For the return, some members have booked the EB, some the CS/CZ, some the CS/SWC, even the CS/SSL/TE. In my case, there is only One routing on a 2 Zone AGR Award, CS/CZ/Thruway/TE (SEA-EMY-GBB-SPI-AUS). Wonder if Amtrak would allow an overnight in CHI or LA on their nickel since they are the ones that might cancel the Denver-CHI section with No Alternate Transportation Provided? Inquiring minds want to know?? :help:


----------



## Ben_G (Sep 4, 2011)

I learned one thing....they are fast taking the money from your bank account but slow putting it back in. There was no offer to make reservations on any other route such as the EB, just we will refund and put the money back in your account, that has not happened yet.


----------



## DEN Trails & Rails (Sep 4, 2011)

Rufus said:


> > Why does Amtrak seem to 'hide' simple information from the paying passengers, and the public. ??
> 
> I have seen several similar thoughts here lately.
> 
> ...



Sunday, 4 Sept. 1 pm, MDT

Rufus...

Thanks for the further thoughts... about why it is so difficult for the public, and paying customers, to learn simple information from Amtrak.
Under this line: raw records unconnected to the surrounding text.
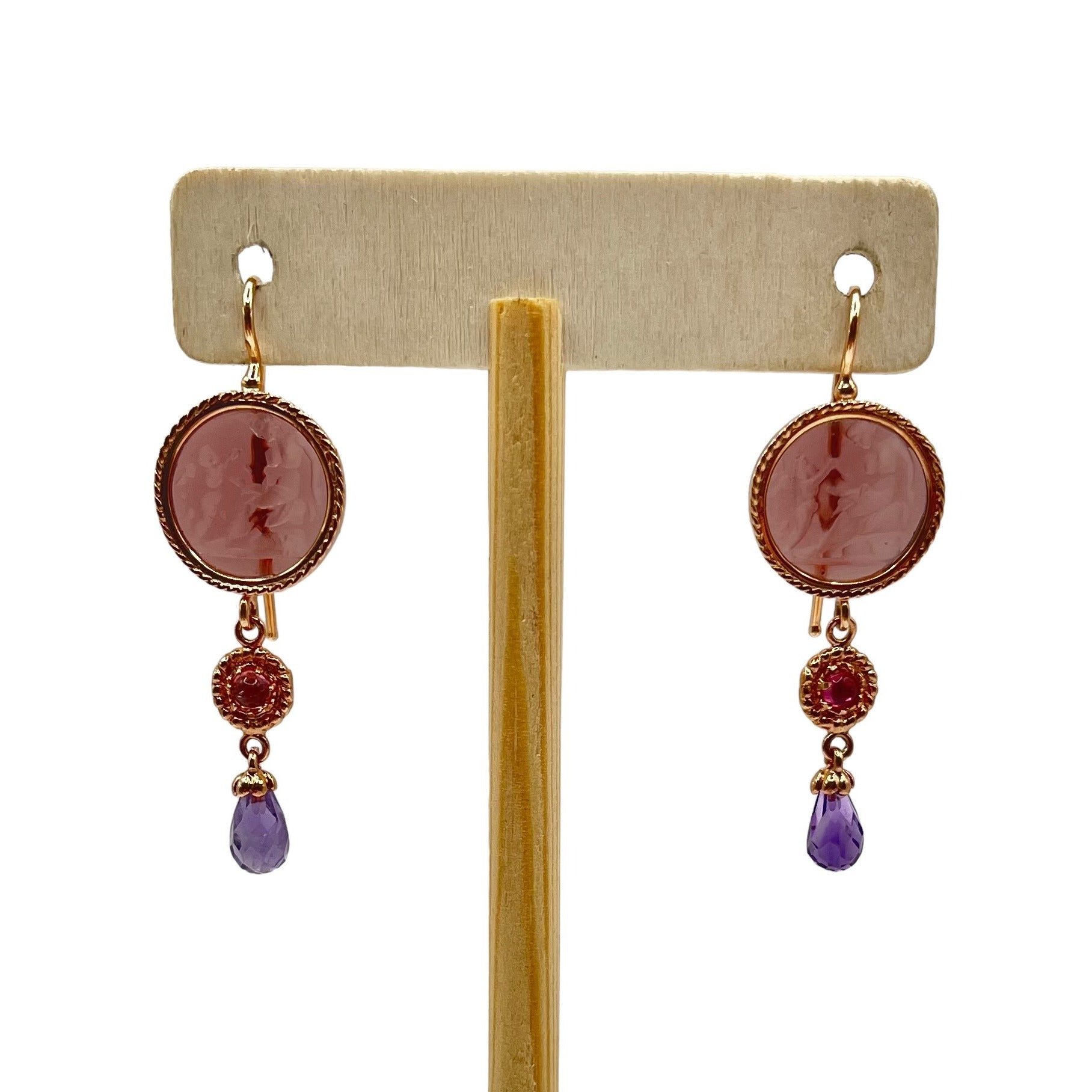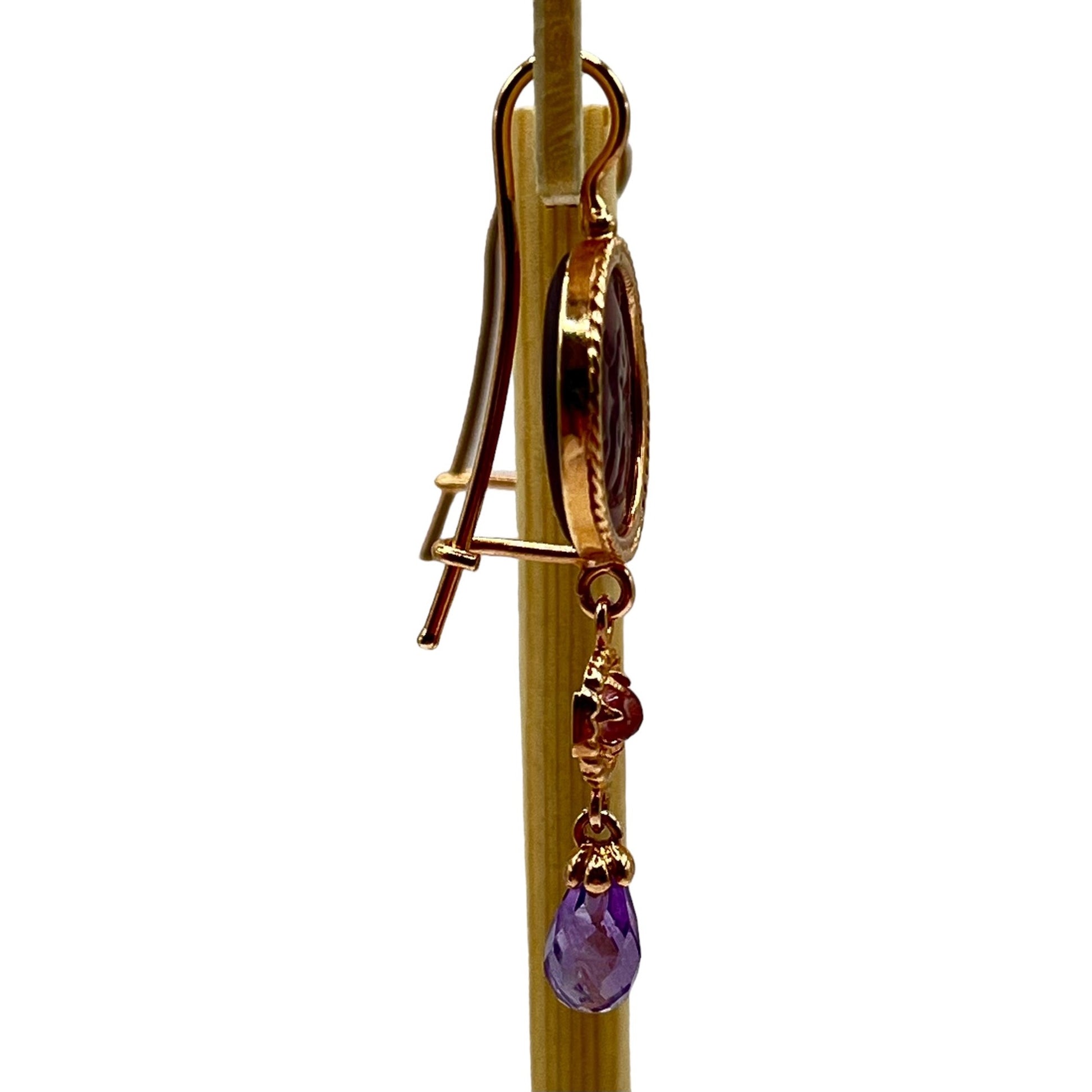 14k Rose Gold Tagliamonte Venetian Cameo Intaglio Dangle Drop Earrings Amethyst
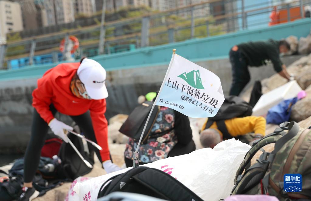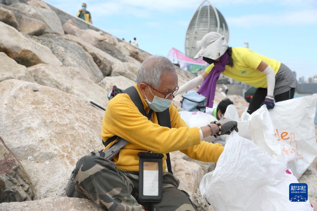 義工在海邊撿垃圾(2021年12月7日攝)。新華社記者 吳曉初 攝
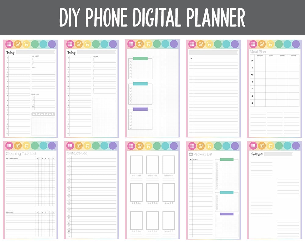DIY Phone Digital Planner | Rainbow Theme | Goodnotes, iPad & Android
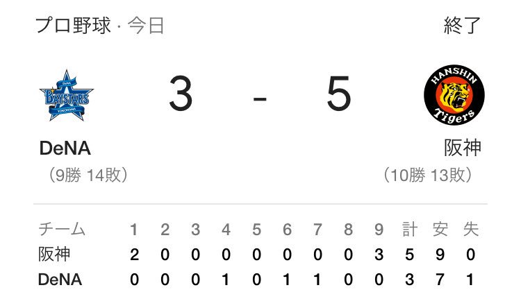 ソ9試合3勝6敗

My further question to you would be what are the priorities amongst the four main 'channels' you list above...

After the Amtrak 'internal directives' are taken care of, my # 2 priority would be to get the information on the website.

Agree ??

Why would you mess with facebook and twitter ?

Fixing the Amtrak public information system in not a new project.

Peter Richards


----------



## Bob Dylan (Sep 4, 2011)

According to a post on trainorders, most of the jobs in the crew bases between Denver and Chicago are eliminated as of Sept. 2nd!  :wacko:

Does this mean that they are layed off, or terminated or will be re-located? :unsure: A further posts asks if this means that the current practice of flying crews/OBS between CHI and Denver will be eliminated??? Will Amtrak continue to deadhead equipment and crews between Denver and CHI??? Why can't Amtrak provide valid information about this Route??? :unsure: Wouldnt want to be answering phones for AGR or Amtrak right now, probably not lots of fun in CUS or Denver's"Temporary" Station either! :help:


----------



## yarrow (Sep 4, 2011)

jimhudson said:


> Why can't Amtrak provide valid information about this Route???


amen


----------



## PRR 60 (Sep 4, 2011)

jimhudson said:


> According to a post on trainorders, most of the jobs in the crew bases between Denver and Chicago are eliminated as of Sept. 2nd!  :wacko:
> 
> Does this mean that they are layed off, or terminated or will be re-located? :unsure: A further posts asks if this means that the current practice of flying crews/OBS between CHI and Denver will be eliminated??? Will Amtrak continue to deadhead equipment and crews between Denver and CHI??? Why can't Amtrak provide valid information about this Route??? :unsure: Wouldnt want to be answering phones for AGR or Amtrak right now, probably not lots of fun in CUS or Denver's"Temporary" Station either! :help:


The eliminated positions are conductors and engineers. The affected employees can either go on furlough, or temporarily relocate to another area and bump lower seniority people on another job. The Chicago-based service crews will continue to be flown to and from Denver as needed.


----------



## Bob Dylan (Sep 4, 2011)

:hi: Thanks for the info! Makes it tough to have a regular life when you work on the Railroad where Seniority is King! :help: Hopefully this Route will be up and running by the end of the Month and everyone gets their jobs back, and the pax for the Zephyr get to ride the whole route!


----------



## Rufus (Sep 5, 2011)

Peter and group,

I am not an Amtrak employee, nor do I have "inside information". I did spend 15 years in IT at large institutions working with "users" and "management" trying to arrange that each provide the much needed information the other wanted to do their jobs.

Problems include:

1) The information doesn't exist to begin with. Ie. no decision has been made yet. There can be many legitimate reasons for this - and lots of the other kind. Amtrak probably suffers from this problem.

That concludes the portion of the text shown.